O maxilar de Isaiah se contraiu.

“Cinco anos, três investigadores e metade de uma fortuna procurando um nome”, disse Richard.

“Talvez ela tenha seguido em frente.”

“Talvez ela não queira ser encontrada.”

Essa última frase não foi bem recebida.

Então Isaiah olhou para cima, e a expressão vazia em seu rosto incomodou até Richard.

“Não decida o que ela quer para si mesma”, disse ele.

Richard suspirou e deu um passo para trás, mas o estrago já estava feito.

Assim que a sala ficou vazia, Isaiah abriu a gaveta, olhou para a fita e percebeu:

Algo que profissionais caros conseguiram esconder por meio de relatórios, mineração de dados e buscas em registros públicos.

Ele estava procurando por ela para um cargo executivo.

Ele tinha que procurá-la como se ela fosse uma criança.

Naquela noite, em vez de ir a um jantar com potenciais parceiros, Isaiah dirigiu até a Escola Primária Lincoln.

O prédio permanecia fechado, uma das muitas propriedades subutilizadas presas entre fracassos políticos e propostas de revitalização.

Uma cerca temporária cercava o local.

A tinta descascava das molduras das janelas.

Ervas daninhas brotavam entre o asfalto rachado.

O lugar parecia menor do que ele se lembrava e mais triste do que esperava.

Ele ficou parado por um longo minuto junto ao antigo perímetro, ouvindo ruídos fantasmagóricos no vento: crianças gritando, o som do almoço, sapatos no chão.

Uma voz atrás dele disse: “Você está esperando alguém, filho?”

Isaiah se virou.

Um homem mais velho, vestindo uma jaqueta de zelador, carregava um controle remoto e uma sacola de papel com ferramentas.

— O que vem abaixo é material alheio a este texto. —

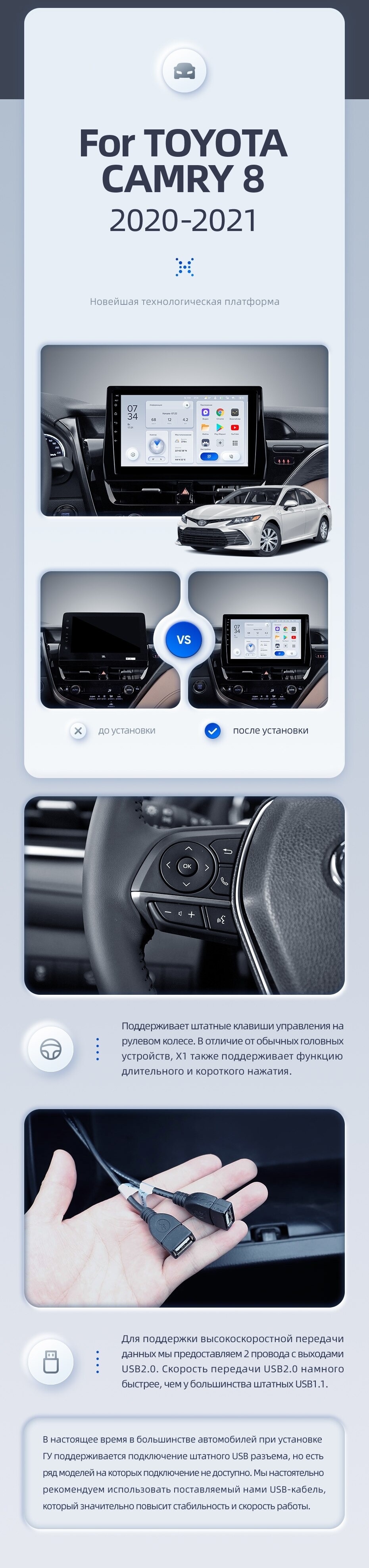 - Мультимедийные возможности: Поддерживает функцию разделения экрана для одновременной работы двух приложений. Имеется встроенный гироскоп и возможность подключения до 6 аналоговых камер.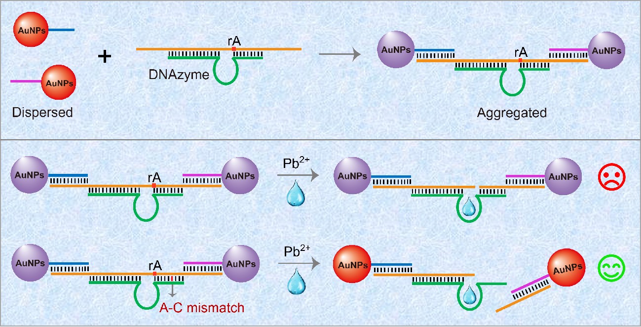 Facile and ultrasensitive detection of Pb2+ in water for remote or resource-limited environments remains challenging. DNAzyme-based colorimetric nanobiosensors have been extensively studied to regulate the assembly of functionalized gold nanoparticles (AuNPs). However, these nanobiosensors have been criticized for their low sensitivity owing to the difficulty of dissociating DNAzyme embedded in AuNP aggregates. To address this issue, we rationally designed a DNAzyme by introducing an adenine-cytosine (A-C) mismatch to strengthen the disassembly of DNAzyme-linked nanostructures. As proof of concept, a “turn on” colorimetric nanobiosensor integrated with mismatched DNAzyme and functionalized AuNPs was first developed for Pb2+ detection. Under the optimal detection conditions, the obtained typical calibration curve shows a detection limit of 8.6 nmol/L, with an approximately 11-fold sensitivity improvement in Pb2+ detection compared with unmismatched DNAzyme, and a linear response range from 10 to 300 nmol/L. This nanobiosensor demonstrated robust selectivity and satisfactory recovery rates between 86.5% and 106.4% for Pb2+ in spiked environmental water samples. Additionally, the detection process is user-friendly and can be completed within 30 min, requiring only a simple water sample addition step. Considering the extensive applications of DNAzyme in conjunction with nanoparticles, this study provides a valuable reference for designing other DNAzyme-powered nanoparticle assemblies in biosensing systems.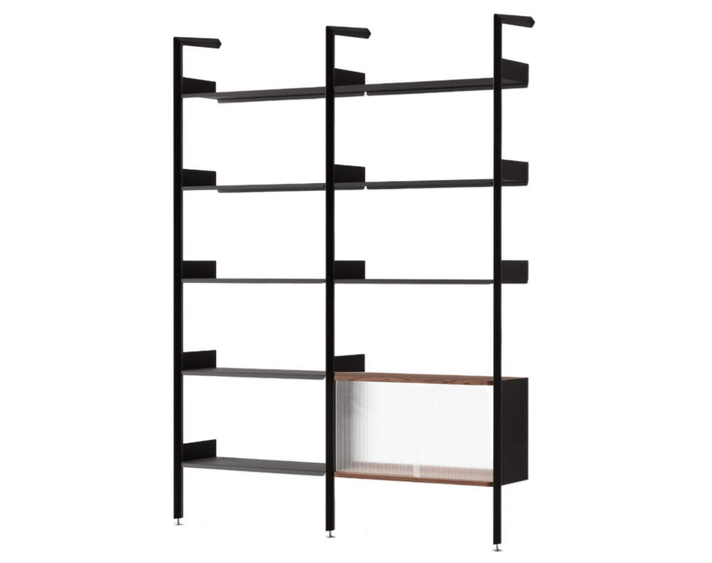 Rombe v konfigurácii C spája otvorené police s uzavretou skrinkou vybavenou posuvnými dverami z rákosového skla, ktoré prepúšťajú svetlo, ale zároveň zabezpečujú decentné zakrytie uložených predmetov. Skvele sa hodí do obývacej izby, kde ponúka priestor ako na vystavenie, tak aj na skrytie vecí, ktoré nemajú byť na očiach.

Sua barba era branca, seus ombros ainda largos, seus olhos penetrantes, como os de homens que passaram anos mantendo prédios funcionando depois que todos os outros desistiram.

A etiqueta em sua jaqueta dizia Barnes.

Isaiah se apresentou e, sentindo-se repentinamente tolo, perguntou se ele já havia conhecido uma garota chamada Victoria Hayes que estudara na escola anos atrás. Senhor.

Barnes olhou para ele por um instante, depois para a cerca, e então de volta para Isaiah.

“A garota com as fitas vermelhas?”, perguntou.

Isaiah perdeu o fôlego.

“Você se lembra dela?”

Barnes deu uma risada rouca.

“É difícil não se lembrar de uma criança dividindo uma refeição com aquele garoto branco magrelo que todos fingiam não ver.” Ele trocou o saco de papel de mão.

“Você era ele.”

Isaiah apenas assentiu.

Barnes olhou para a moldura de vidro que Isaiah havia tirado sem perceber do bolso do casaco.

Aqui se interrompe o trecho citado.